• WHAT YOU WILL DO
From the first line of the entries through the line containing "Thunovská. Čeští poslanci", output everything exactly except the pictures.

• RECORD SET
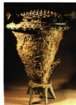
Jim Thomson (Ontario) Winter Salad 55 x 41 x 35 cm
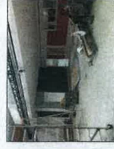
La salle polyvalente peut accueillir 130 personnes assises et se transformer en salle de spectacle.
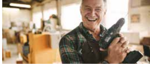
De arbeidsmarkt in Ronse trekt aan (p. 2)
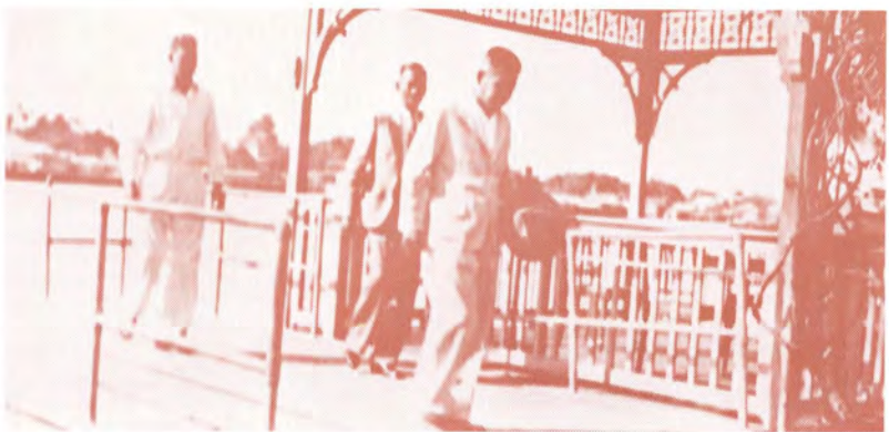
ระหว่างการปรึกษาข้อราชการ และหารื่องานของเสรีไทย
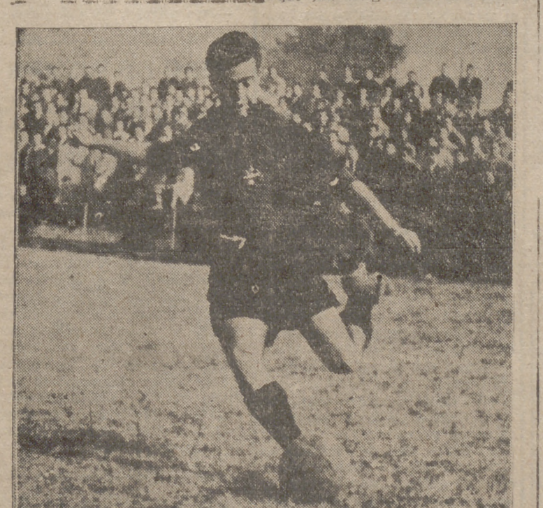
El personalidad e inconfundible estilo de Baticón que plasmando en esta preciosa estampa, que corresponde a una actuación del vallisoletano vistiendo la clásica rojinegra del Arenas zaragozano.

Londres, 28.—Un lanzador de jabalina, competidor en los campeonatos para «juniors», organizados por la Asociación Atlética Amateur, clavó la jabalina junto al corazón de uno de los jueces que presenciaba los lanzamientos. El juez de la prueba, Stan Cox, excampeón olímpico de carreras, fue llevado inmediatamente al hospital, donde calificaron su estado de grave. Los oficiales del torneo se negaron a facilitar el nombre del atleta que lanzó la jabalina.—Afil.
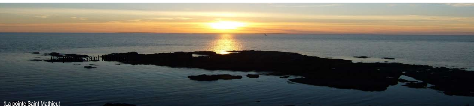
(La pointe Saint Mathieu)

Grâce au mécénat des Caisses d'épargne et de la Marine nationale, le navire est restauré et peut reprendre la mer en 1980 en tant que voilier-école ouvert à tous.
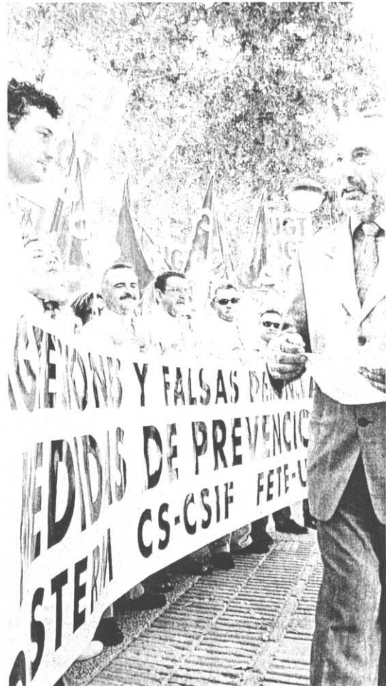
ENCUENTRO. El consejero, en la protesta.
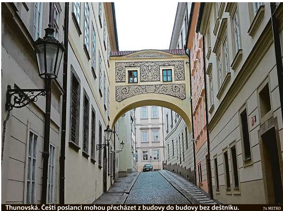
Thunovská. Čeští poslanci mohou přecházet z budovy do budovy bez deštníku.

Moderní „prampouchy“ jako spojovací mosty mezi domy ale najdete i v současnosti. Zřejmě tím nejvyšším je spojovací chodba v 19. patře mezi dvěma věžemi Kupy, v současnosti ubytovny na sídlišti Jižní Město. Spojovací chodba vede do restaurace na střeše budovy.
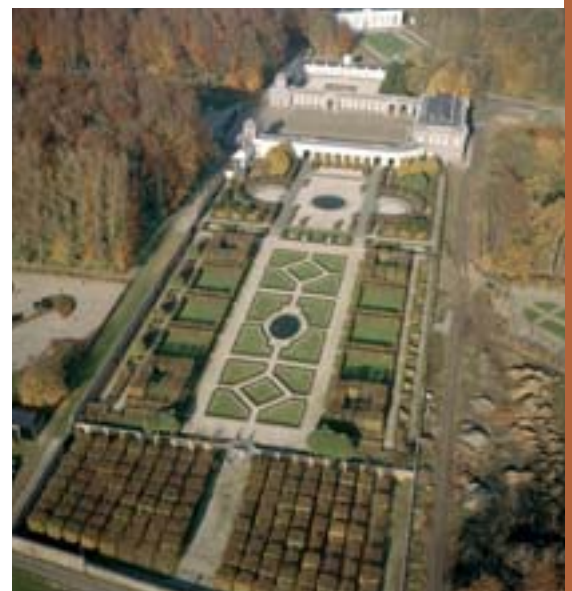
Le château de Senefve.
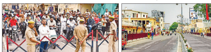
मुख्यमंत्री के आगमन के दौरान गेट नंबर 11 के पास लगे बैरियर पर रोका गया आवागमन और खाली कराया गया रामपथ।
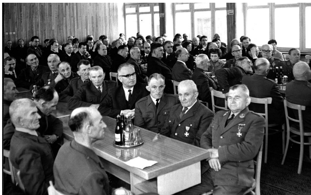
Uczestnicy sesji naukowej w Wieluniu w 50. rocznicę wybuchu III powstania śląskiego (25 IV 1971 r.).
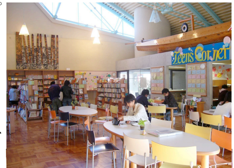
ティーンズのたまり場、ラーニングcommons
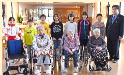
▲H29 特別養護老人ホーム鶴の園
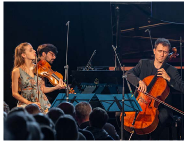
Trio Zeliha
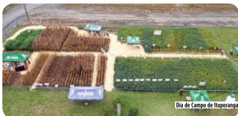
Dia de Campo de Ituporanga
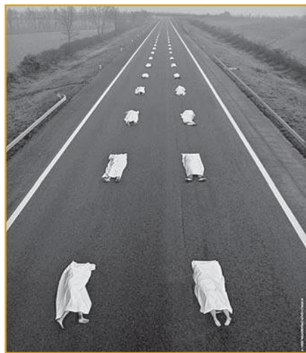
Varovný plakát WHO ke kampani.
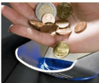
Acepta y verifica 4 monedas por segundo
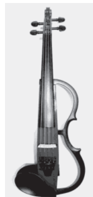
写真3 スイス モンディーン社 鉄道時計 ヤマハ(株) サイレントバイオリン
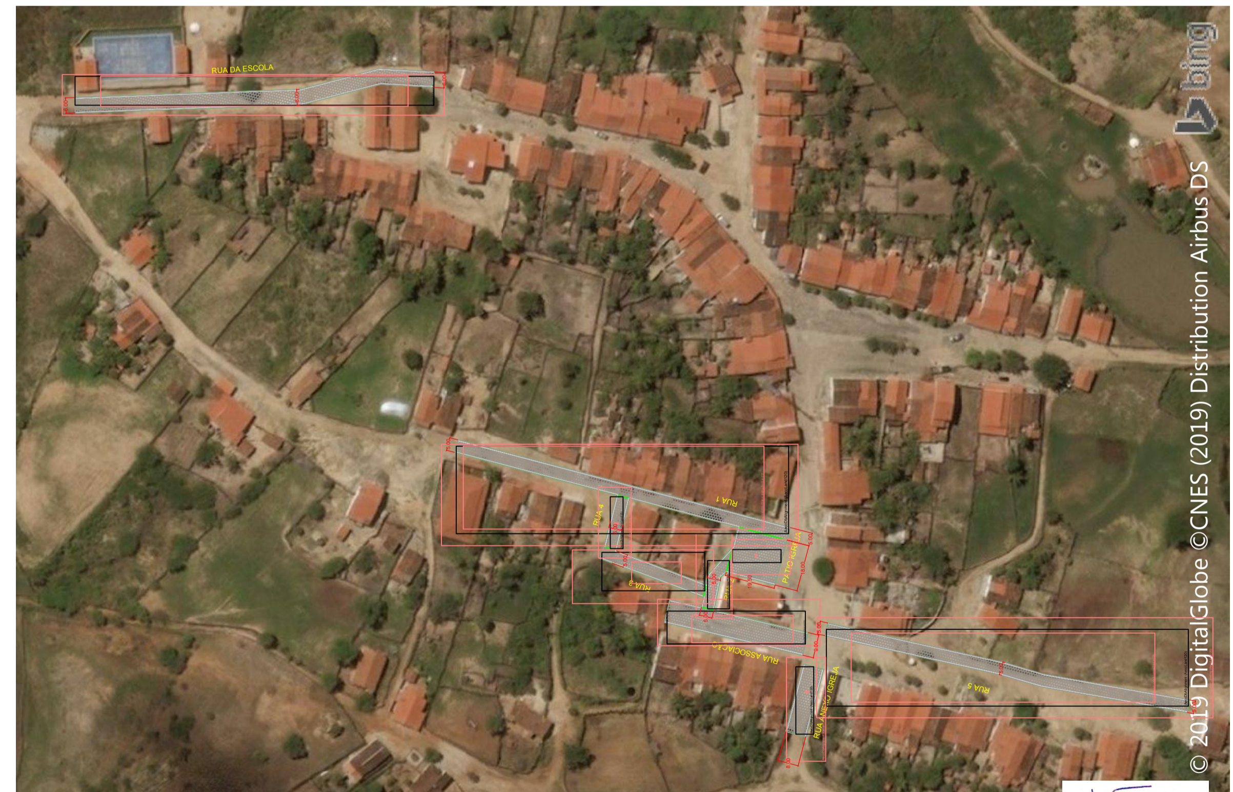
SÃO JOAQUIM ESCALA: 1/1500
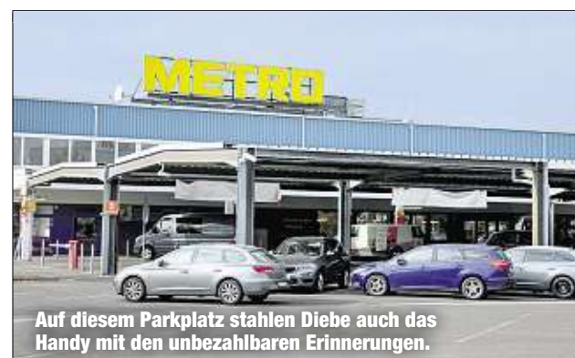
Auf diesem Parkplatz stahlen Diebe auch das Handy mit den unbezahlbaren Erinnerungen.
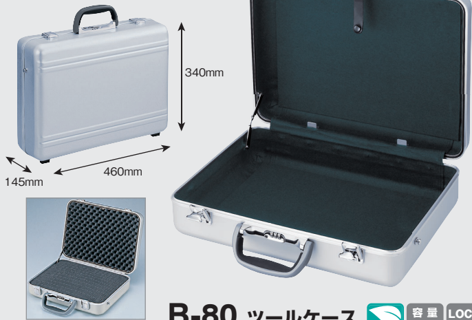
緩衝ウレタン装着例
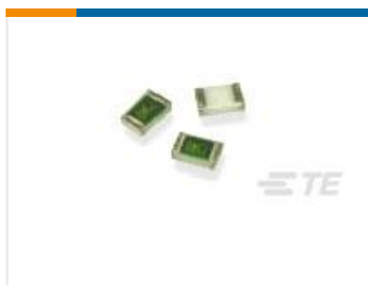
TE 产品编号 6-1879127-7 RN 0402 422R 0.1% 10PPM CUT LENGTH
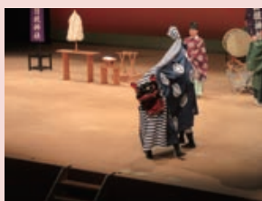
日枝神社獅子舞 (日枝神社獅子舞社中)
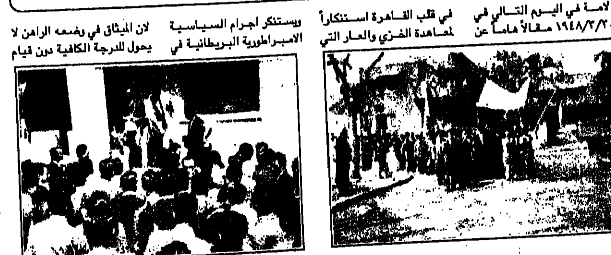
في قلب القاهرة استتكاراً لمعاهدة الفردي والعار التي

الطلاب الاردنيون في القاهرة يتظاهرون ضد معاهدة ابو الهدي - بيغن. الطلاب الاردنيون في مصر يعلنون بقوة وعزم انهم لا يعترفون بهذه المعاهدة، وأنهم سيعملون على تحطيمها. المعاهدة خطر على كيان الشعب الاردني وتحطيمه لحيته وسيادته.
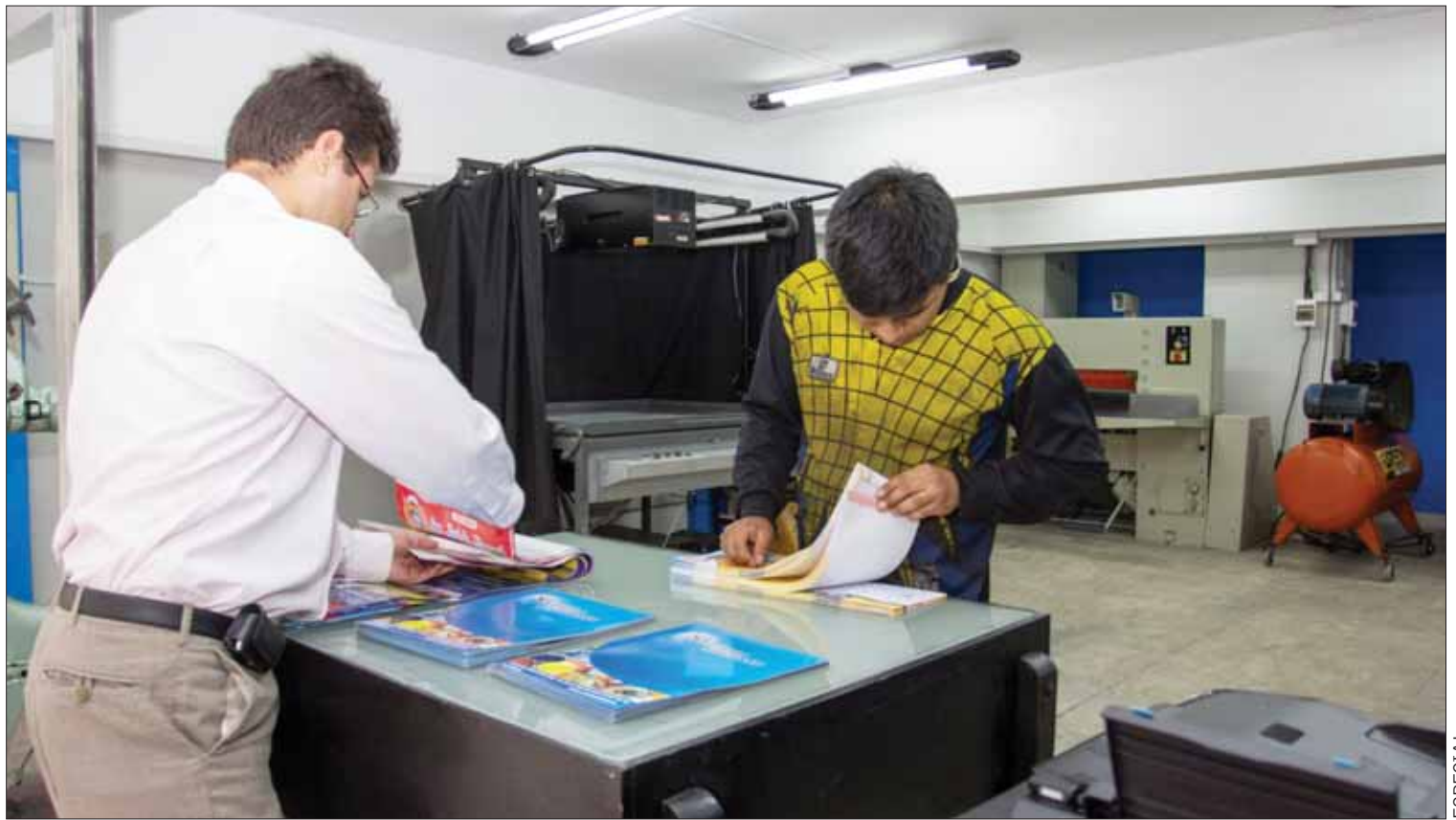
TENOR. En meses próximos han anunciado diversos eventos para este sector.

"Se prevén seis meses con bastante presencia de lluvias y en ese sentido a muchos nos preocupa esta situación, ojalá las autoridades tanto de Mineral de la Reforma como de Pachuca, así como el propio gobierno del estado, se encarguen de velar por la seguridad y por las fuentes de empleo de quienes habitamos en la zona metropolitana de Pachuca", concluyó. (Milton Cortés)
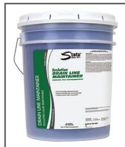
Ecolution® Drain Line Maintainer Mantenedor de trampa de grasa y estación de elevación
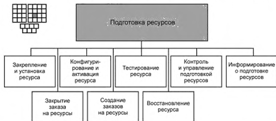
Рисунок 3 — Декомпозиция процесса 1.1.3.2 — «Подготовка ресурсов» на элементы процессов уровня 3

6.2 Процесс 1.1.3.2 и его элементы процессов уровня 3 предназначены для создания и выполнения заказов на ресурсы посредством подготовки ресурсов оказанию услуг. Заказы на ресурсы создаются в ответ на запросы от процессов: обработки заказов на услуги, восстановления ресурсов после отказов, контроля производительности ресурсов, поставки ресурсов поставщиками/партнерами.
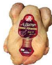
Dinde Fermière du Bocager
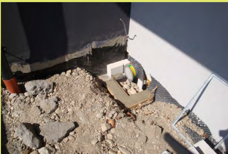
07_Das Fundament für den Abluftschacht
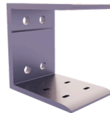
SpeedFix épaisseur 100 mm
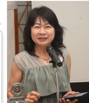
3年目の米山奨学委員も しっかり務められています。

• EXERCISE OUTPUT
Jim Thomson (Ontario) Winter Salad 55 x 41 x 35 cm
La salle polyvalente peut accueillir 130 personnes assises et se transformer en salle de spectacle.
De arbeidsmarkt in Ronse trekt aan (p. 2)
ระหว่างการปรึกษาข้อราชการ และหารื่องานของเสรีไทย
El personalidad e inconfundible estilo de Baticón que plasmando en esta preciosa estampa, que corresponde a una actuación del vallisoletano vistiendo la clásica rojinegra del Arenas zaragozano.

Londres, 28.—Un lanzador de jabalina, competidor en los campeonatos para «juniors», organizados por la Asociación Atlética Amateur, clavó la jabalina junto al corazón de uno de los jueces que presenciaba los lanzamientos. El juez de la prueba, Stan Cox, excampeón olímpico de carreras, fue llevado inmediatamente al hospital, donde calificaron su estado de grave. Los oficiales del torneo se negaron a facilitar el nombre del atleta que lanzó la jabalina.—Afil.
(La pointe Saint Mathieu)

Grâce au mécénat des Caisses d'épargne et de la Marine nationale, le navire est restauré et peut reprendre la mer en 1980 en tant que voilier-école ouvert à tous.
ENCUENTRO. El consejero, en la protesta.
Thunovská. Čeští poslanci mohou přecházet z budovy do budovy bez deštníku.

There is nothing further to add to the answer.